A buzzing vibration suddenly irritated her left ear, as if a gnat had flown in there.

But it was no annoying fly.

It was her radio earpiece.

Through the ringing from the blast, she made out a few words.

“... where are you?”

It was Tucker.

She palmed her throat mike, pressing it more firmly. “Third floor. South wing.”

She waited for a response, but it either didn’t come, or she was deaf to it.

What she did hear was the massiveBOOMthat shook the entire mansion. The ceiling cracked overhead, shaking down dust. A gout of flames burst up the main stairs at the end of the hall.

One of the combatants fled into view, attempting to escape.

She shot him in the back.

Smoke quickly flooded into the hallway, obscuring everything.

Knowing this would be her best chance, she crawled out of hiding and crossed to the crater in the floor. But the opening was narrower than she had thought.

She dropped to a knee—as a round burned across the crown of her head.

She ducked lower as two combatants ran toward her, shedding the smoke around them.

She swung her rifle up, but two sharp retorts blasted out in the hall.

Both men collapsed, shot from behind.

Through the smoke, Yuri appeared, running forward. His words were muffled, but she made them out. “Been radioing nonstop. Luckily, I was in this wing when you replied.”

She pointed to her ears, but before she could explain, Yuri helped her up.

“Need to get going,” he said. “Tucker blew the boiler. Flames are spreading fast.”

She found her voice. “What about the others? Kowalski? The botanist?”
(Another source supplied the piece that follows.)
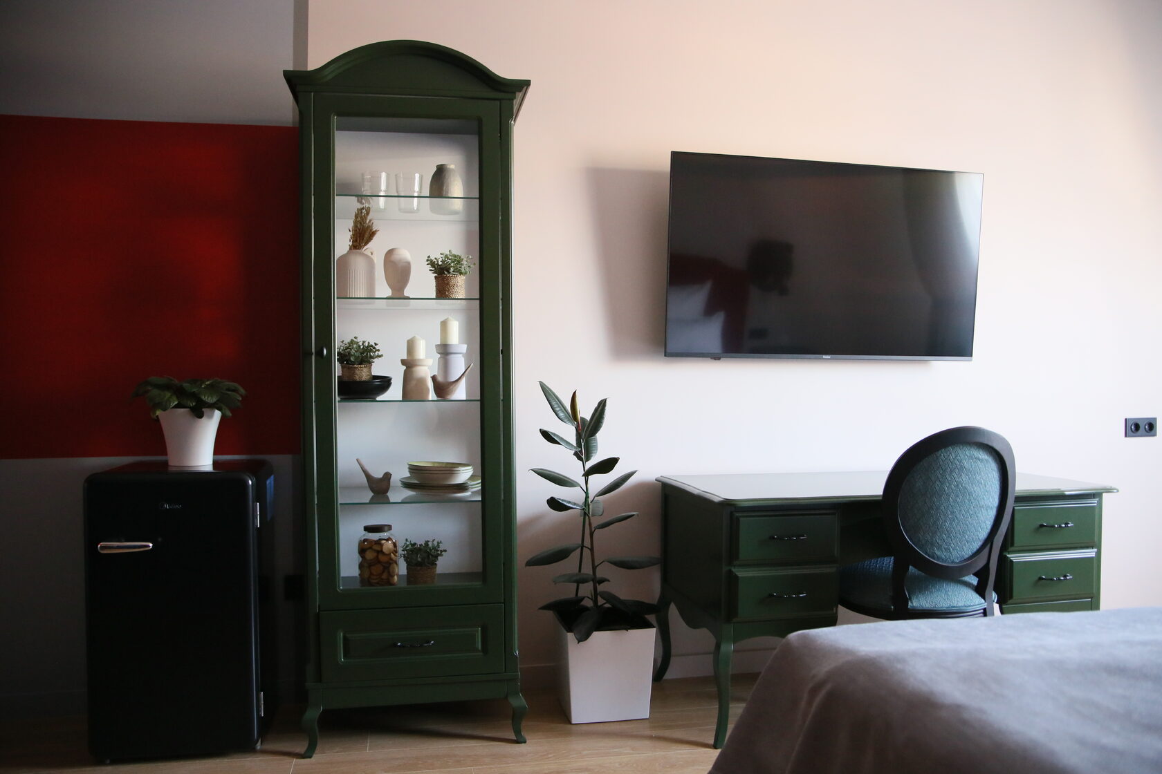 вешалка: ; зеркало: ; кровать двуспальная: ; прикроватные тумбочки: ; стол: ; шкаф: ;

“Don’t know. Let’s hope they weren’t in the basement. Tucker failed to account for the size of Russian gas pipes and a century-old boiler. A bad combination. In winter, we lose many houses that way.”

Seichan stared below, a question foremost in her mind.

Where the hell are the others?

9:03A.M.

Kowalski pushed himself off the floor of his cell.

Smoke choked him, filling the space.

What the hell?

He had been finishing a volley of return fire and ducking into cover when a thunderous blast had shaken the mansion to its foundations. Out of the corner of his eye, he had caught sight of a steel door, likely the one sealing off this subbasement, flying and rebounding wildly off the walls.